Finally, he married Sporus, commanding everyone to refer to him as “Empress.” This wedding was not a small or secret affair, either. Suetonius wrote: 

“He married him with all the usual ceremonies, including a dowry and a bridal veil, took him to his house attended by a great throng, and treated him as his wife. “

Nero went so far as to call this newest bride by his dead wife’s name, “Poppaea Sabina.”

Sporus was not thrilled by any of this. He appears to have been attempting to live his best life, moisturized and unbothered when the Emperor decided to “use him in every way like a wife,” as Cassius Dio puts it. Though described as effeminate and graceful, there’s no evidence he suffered from gender dysphoria. His castration was technically a crime since it was illegal then to perform the act on Romans—eunuchs existed but were imported to the city like exotic animals. 

“Sporus” was also not the poor young man’s real name. Its translation means “seed” or “semen” and seems to have been a debauched nickname that stuck for 2000 years. 
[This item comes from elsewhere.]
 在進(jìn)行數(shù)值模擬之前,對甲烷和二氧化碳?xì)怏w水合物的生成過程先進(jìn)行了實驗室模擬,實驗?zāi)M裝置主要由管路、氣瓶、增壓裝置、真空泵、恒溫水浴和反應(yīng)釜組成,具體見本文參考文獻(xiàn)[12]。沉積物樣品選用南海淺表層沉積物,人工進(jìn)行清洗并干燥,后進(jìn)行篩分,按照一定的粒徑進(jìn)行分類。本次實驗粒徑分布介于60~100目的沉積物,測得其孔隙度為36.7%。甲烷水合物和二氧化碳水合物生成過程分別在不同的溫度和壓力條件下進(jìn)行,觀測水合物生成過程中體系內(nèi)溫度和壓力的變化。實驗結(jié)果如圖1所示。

Some historians suggest because he didn’t flee the city and Nero’s psychosexual games, Sporus consented to be mutilated and used as a sociopath’s prop. This is a pretty pedantic take, especially given Nero’s history of killing family and Sporus’ limited resources as a lowborn resident of Rome. 

We also know Sporus threw heavy shade at his “husband” at the start of 68AD, gifting Nero a bejeweled ring adorned with scenes of the Lord of the Underworld raping an innocent virgin in Hell. Consenting lovers don’t typically drop by Kay Jewelers to get a commemorative rape ring for people they’re happily partnered with, so it seems plausible Sporus was just trying not to be murdered by the same guy who’d already castrated him. 
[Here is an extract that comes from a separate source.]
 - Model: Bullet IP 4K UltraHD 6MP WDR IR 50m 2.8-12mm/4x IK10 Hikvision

Fortunately for Sporus, Nero’s reign lasted only a few months beyond their disturbing jewelry exchange. A revolt broke out, with the senate and Praetorian Guard treating Nero as an enemy of the state. The emperor fled the city, bringing only a freedman and Sporus with him to a countryside hideout. There, Nero begged Sporus to pray and help him commit suicide, but his last empress declined. The disgraced king stabbed himself in the neck with the other freedman’s assistance and died in a pool of his own blood.

Being famously castrated and put on such public display radically shaped the rest of Sporus’ short life. Before Nero’s body had even been burned, he was taken as a “consort” and called Poppaea by one of the men who’d overthrown Nero. When that guy was killed in a power grab, Sporus was given to the new emperor, Otho, who “had intimacy with Sporus” before dying.  (Because Ancient Rome was just a telenovela with togas, Otho was the real Poppaea Sabina’s ex-husband.)
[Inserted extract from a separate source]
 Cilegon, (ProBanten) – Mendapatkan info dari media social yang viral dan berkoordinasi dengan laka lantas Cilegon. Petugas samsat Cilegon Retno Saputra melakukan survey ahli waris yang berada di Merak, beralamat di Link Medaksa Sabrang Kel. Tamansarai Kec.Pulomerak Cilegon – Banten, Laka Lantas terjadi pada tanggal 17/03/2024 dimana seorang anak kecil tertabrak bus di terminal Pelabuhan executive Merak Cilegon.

Sporus’ painful tale of gender-bending survival ends in 69AD, when Rome’s new new caesar, Vitellius, ordered he star in a gladiatorial reenactment of The Rape of Proserpina—the same tragedy depicted on the ring Sporus gave Nero. Vitellius cast the traumatized former empress as the titular Proserpina, possibly as punishment for Sporus’ closeness to the now-reviled dead caesar.

This was, understandably, the last straw for Sporus. Rather than be sexually assaulted and humiliated in front of a literal stadium of onlookers, Sporus took his own life. 

It’s important to note we’ve no idea how much of Nero’s legendarily bad behavior really happened. Curators at The British Museum assert that much of what the layperson learned in school about Emperor Nero is untrue—he did not fiddle maniacally as Rome burned around him, for example, because violins hadn’t been invented yet. That said, there’s no denying Nero was a murderous little prat with some bizarre fetishes, one emboldened by absolute power and weirdly bound by roleplay to Sporus during the last years of his life. 

As a result, Rome briefly feted a man as its empress, regarding him as the slave who rose to the side of not one but two different kings.